▶ [Exercise details]: Your response to the data below should hold nothing except the lines from the one containing "首页 > 每日动态 >" down to the one containing "Discover the refined", reproduced exactly and without pictures.

▶ [Records]:
== Segment start ==
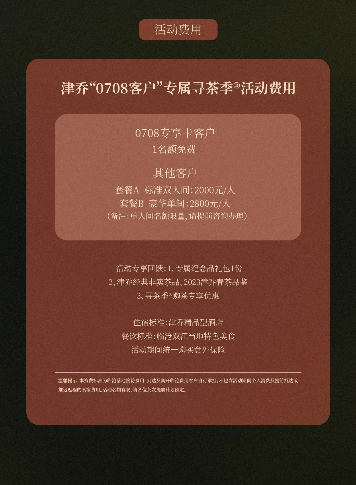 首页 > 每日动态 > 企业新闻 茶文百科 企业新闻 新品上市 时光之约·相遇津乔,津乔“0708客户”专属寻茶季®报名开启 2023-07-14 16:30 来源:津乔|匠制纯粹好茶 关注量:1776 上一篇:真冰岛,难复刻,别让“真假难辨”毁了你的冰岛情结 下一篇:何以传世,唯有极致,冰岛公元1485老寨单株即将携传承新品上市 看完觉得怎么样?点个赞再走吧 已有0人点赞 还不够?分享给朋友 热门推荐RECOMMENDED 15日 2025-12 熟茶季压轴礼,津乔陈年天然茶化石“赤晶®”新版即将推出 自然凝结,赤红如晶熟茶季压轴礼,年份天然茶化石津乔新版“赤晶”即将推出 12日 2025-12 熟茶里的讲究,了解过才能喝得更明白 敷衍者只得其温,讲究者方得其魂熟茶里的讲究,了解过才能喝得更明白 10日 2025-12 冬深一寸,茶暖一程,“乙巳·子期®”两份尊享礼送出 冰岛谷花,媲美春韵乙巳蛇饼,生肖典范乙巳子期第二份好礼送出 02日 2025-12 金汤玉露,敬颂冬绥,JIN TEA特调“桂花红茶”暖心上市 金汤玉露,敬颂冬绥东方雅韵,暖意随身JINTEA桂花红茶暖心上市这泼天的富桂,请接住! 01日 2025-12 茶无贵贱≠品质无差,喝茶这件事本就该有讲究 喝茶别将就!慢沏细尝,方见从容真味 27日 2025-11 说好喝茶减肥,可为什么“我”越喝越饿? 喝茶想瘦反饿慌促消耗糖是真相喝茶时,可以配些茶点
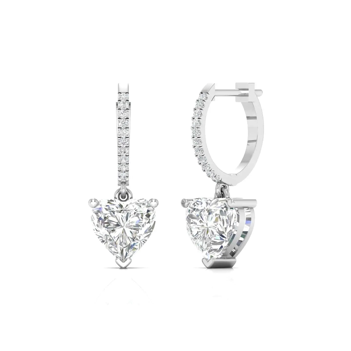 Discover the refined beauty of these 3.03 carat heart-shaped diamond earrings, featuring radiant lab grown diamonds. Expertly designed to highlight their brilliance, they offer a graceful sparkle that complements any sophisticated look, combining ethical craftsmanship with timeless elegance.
== Segment end ==
== Segment start ==
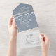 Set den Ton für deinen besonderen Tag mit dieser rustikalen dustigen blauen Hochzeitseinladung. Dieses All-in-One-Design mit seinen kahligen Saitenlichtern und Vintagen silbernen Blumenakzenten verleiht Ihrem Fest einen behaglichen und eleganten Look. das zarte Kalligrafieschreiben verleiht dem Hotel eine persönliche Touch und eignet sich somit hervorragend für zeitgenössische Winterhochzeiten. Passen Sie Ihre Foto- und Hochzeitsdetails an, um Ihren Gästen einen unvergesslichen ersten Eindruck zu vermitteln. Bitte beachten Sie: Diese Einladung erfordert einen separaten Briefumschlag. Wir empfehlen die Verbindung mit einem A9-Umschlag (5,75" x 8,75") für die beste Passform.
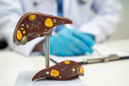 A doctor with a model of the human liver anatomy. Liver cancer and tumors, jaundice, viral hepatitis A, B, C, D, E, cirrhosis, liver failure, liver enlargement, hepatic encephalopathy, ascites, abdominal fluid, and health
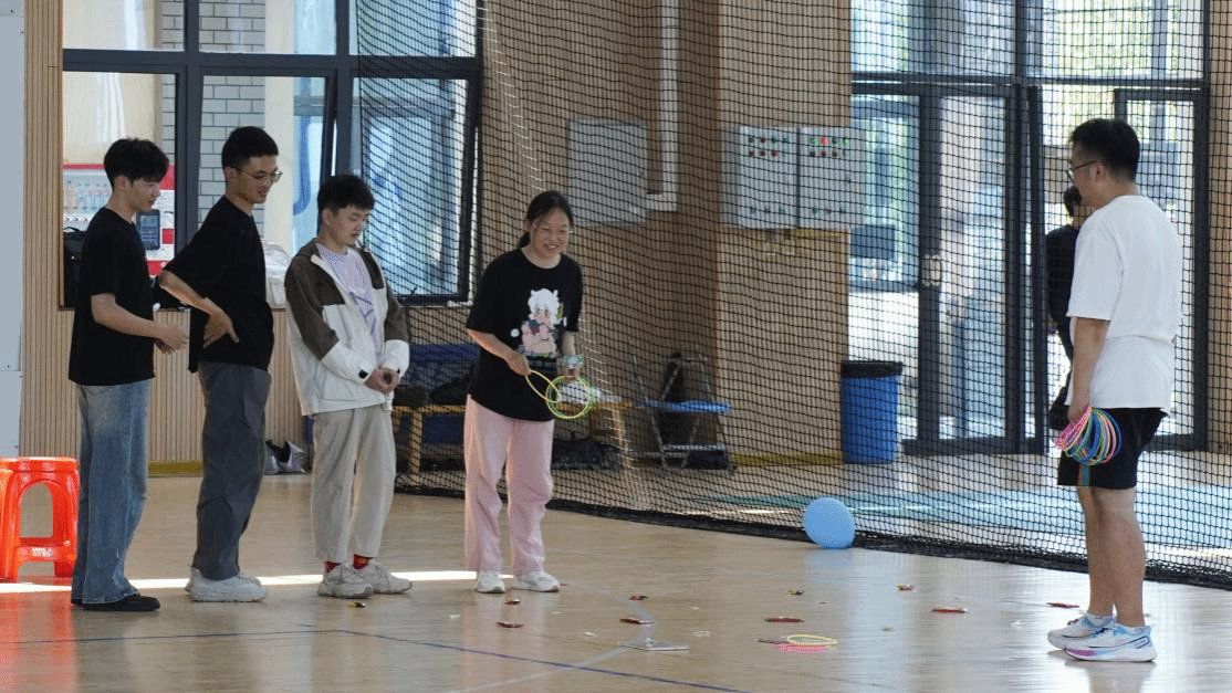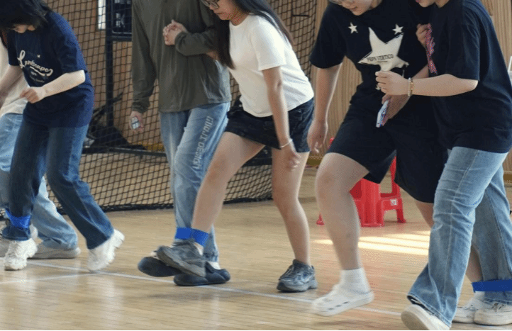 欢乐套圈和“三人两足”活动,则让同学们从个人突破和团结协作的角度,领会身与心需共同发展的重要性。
== Segment end ==
== Segment start ==
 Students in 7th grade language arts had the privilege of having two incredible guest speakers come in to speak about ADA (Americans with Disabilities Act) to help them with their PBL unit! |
== Segment end ==
▶ [Answer to this problem]:
 首页 > 每日动态 > 企业新闻 茶文百科 企业新闻 新品上市 时光之约·相遇津乔,津乔“0708客户”专属寻茶季®报名开启 2023-07-14 16:30 来源:津乔|匠制纯粹好茶 关注量:1776 上一篇:真冰岛,难复刻,别让“真假难辨”毁了你的冰岛情结 下一篇:何以传世,唯有极致,冰岛公元1485老寨单株即将携传承新品上市 看完觉得怎么样?点个赞再走吧 已有0人点赞 还不够?分享给朋友 热门推荐RECOMMENDED 15日 2025-12 熟茶季压轴礼,津乔陈年天然茶化石“赤晶®”新版即将推出 自然凝结,赤红如晶熟茶季压轴礼,年份天然茶化石津乔新版“赤晶”即将推出 12日 2025-12 熟茶里的讲究,了解过才能喝得更明白 敷衍者只得其温,讲究者方得其魂熟茶里的讲究,了解过才能喝得更明白 10日 2025-12 冬深一寸,茶暖一程,“乙巳·子期®”两份尊享礼送出 冰岛谷花,媲美春韵乙巳蛇饼,生肖典范乙巳子期第二份好礼送出 02日 2025-12 金汤玉露,敬颂冬绥,JIN TEA特调“桂花红茶”暖心上市 金汤玉露,敬颂冬绥东方雅韵,暖意随身JINTEA桂花红茶暖心上市这泼天的富桂,请接住! 01日 2025-12 茶无贵贱≠品质无差,喝茶这件事本就该有讲究 喝茶别将就!慢沏细尝,方见从容真味 27日 2025-11 说好喝茶减肥,可为什么“我”越喝越饿? 喝茶想瘦反饿慌促消耗糖是真相喝茶时,可以配些茶点
 Discover the refined beauty of these 3.03 carat heart-shaped diamond earrings, featuring radiant lab grown diamonds. Expertly designed to highlight their brilliance, they offer a graceful sparkle that complements any sophisticated look, combining ethical craftsmanship with timeless elegance.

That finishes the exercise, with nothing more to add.